Daniel has a vision. In it he sees the heavenly courtroom, the trial of the son of man. God, the Ancient of Days, takes his place on a throne of judgement. But there are other thrones: God chooses to act in community, to involve others. The case for the prosecution is made, by the representatives of the kingdoms of the world. The son of man is a representative figure – in the way dreams have of not being logical and literal, but symbolic – who stands for God’s people. And, having listened to the proceedings, God passes the verdict of those sat on the thrones: reign with me.
John also presents us with a symbolic trial. It would appear to be the trial of Jesus before Pilate; but really it is the trial of Jesus before God and before the listener (remember those other thrones?). It would appear that the accusation is brought by the representatives of God’s people; but really they speak as representatives of the kingdoms of the world. The son of man is Jesus; but Jesus as true representative of God’s people; really, Jesus and his servants, those he now calls his friends. And God passes the verdict of those sat on the thrones: be glorified (that is, lifted up on the cross).
Of all the feast days of the Church, the Feast of Christ the King is the most recent. It was instituted in 1925 by Pope Pius XI in the context of Mussolini’s messianic claims to power, to help Christians live out their allegiance to our heavenly King. On the surface, it might look as if Mussolini was passing judgement on Jesus and on his servants before God and the whole world, but the reality behind events was that the co-defendants were also sat on the panel of judges.
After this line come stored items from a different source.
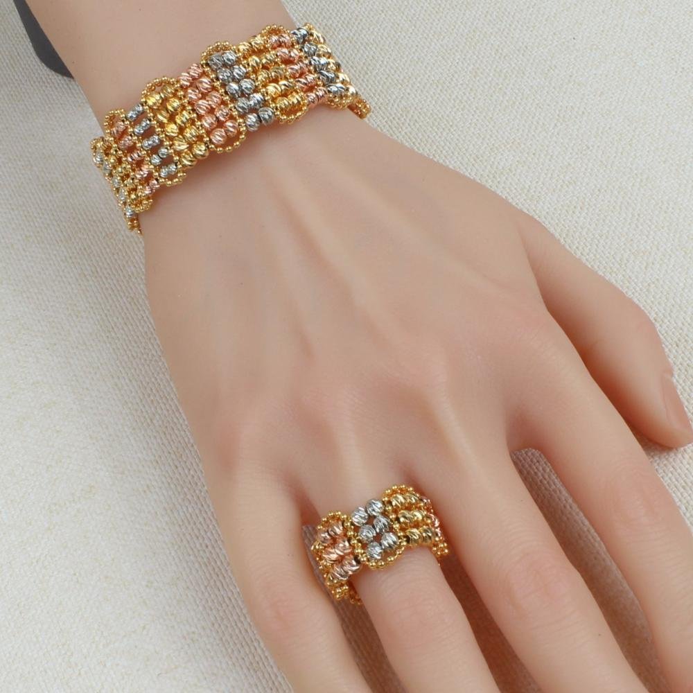 A complete set of bracelets and a ring with a luxurious design that combines three overlapping colors of gold: gold, rose, and silver, to give you a sophisticated and modern look.
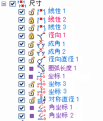 在 PMI 集合内,不同类型的尺寸(例如,线性、径向、角度尺寸)在路径查找器上将显示唯一的符号和元素名称。而且,还会显示其各自的颜色代码。
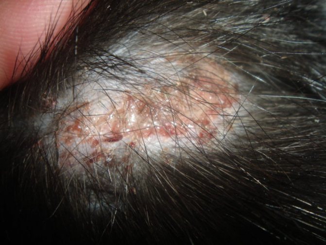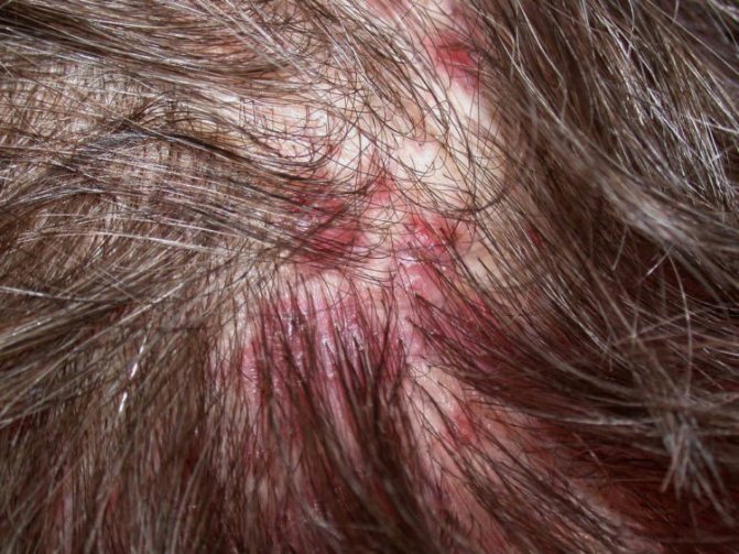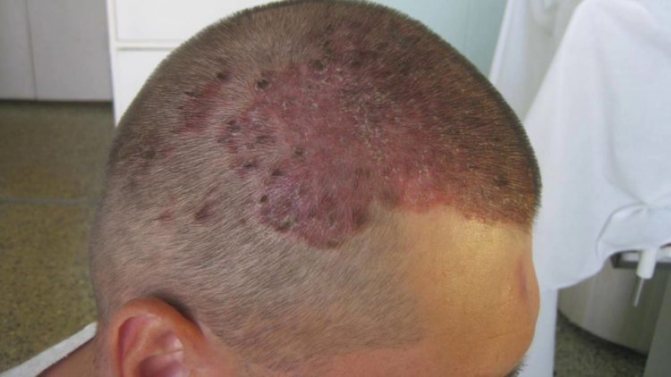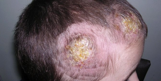 Инфильтративно-нагноительная форма грибка кожи головы

Of course, logic and reason can’t handle being co-defendant and judge at one and the same time; but here we are in the territory of truth that surpasses logic; that even surpasses our imagination, and so stretches our imagination.
You see, it is a feast that helps us, not an argument. It is an apologetic of finest bread and wine, not of fine words.
We live in a society that rejects the claim that Christ is King, a society where there are many representative voices throwing accusation after accusation at Jesus and his people. And this vision of a courtroom is rich: at one and the same time we are invited to stand with Jesus in the face of his accusers; we are challenged to speak before the world as a witness for the defence; we find ourselves wondering whether we are called to be a defence lawyer, and whether we are competent (we aren’t competent, and no defence lawyer is required, as Jesus was almost silent in his trials); our conscience is interrogated as to whether we are, in fact, a witness for the prosecution; and we are encouraged by the revelation that we are also seated with the Ancient of Days and the Lamb (who, with the son of man, are themselves conflated in the Revelations shown to John).
“The imagination must come before the implementation. Our culture is competent to implement almost anything and to imagine almost nothing…Every totalitarian regime is frightened of the artist. It is the vocation of the prophet to keep alive the ministry of imagination, to keep conjuring and proposing alternative futures.”
Please don’t be afraid of the imagination, or belittle it; don’t be deceived into believing that logic and reason are more effective, give us some short-cut in following Jesus or in helping others to follow him too. Don’t worry about Having the Right Answers, or being able to explain the church to the world. But do step into the Story, into the seasons by which we tell and retell the Story. And do invite others to walk on the way and to sit at the table with us as we watch and listen and imagine and dream into being.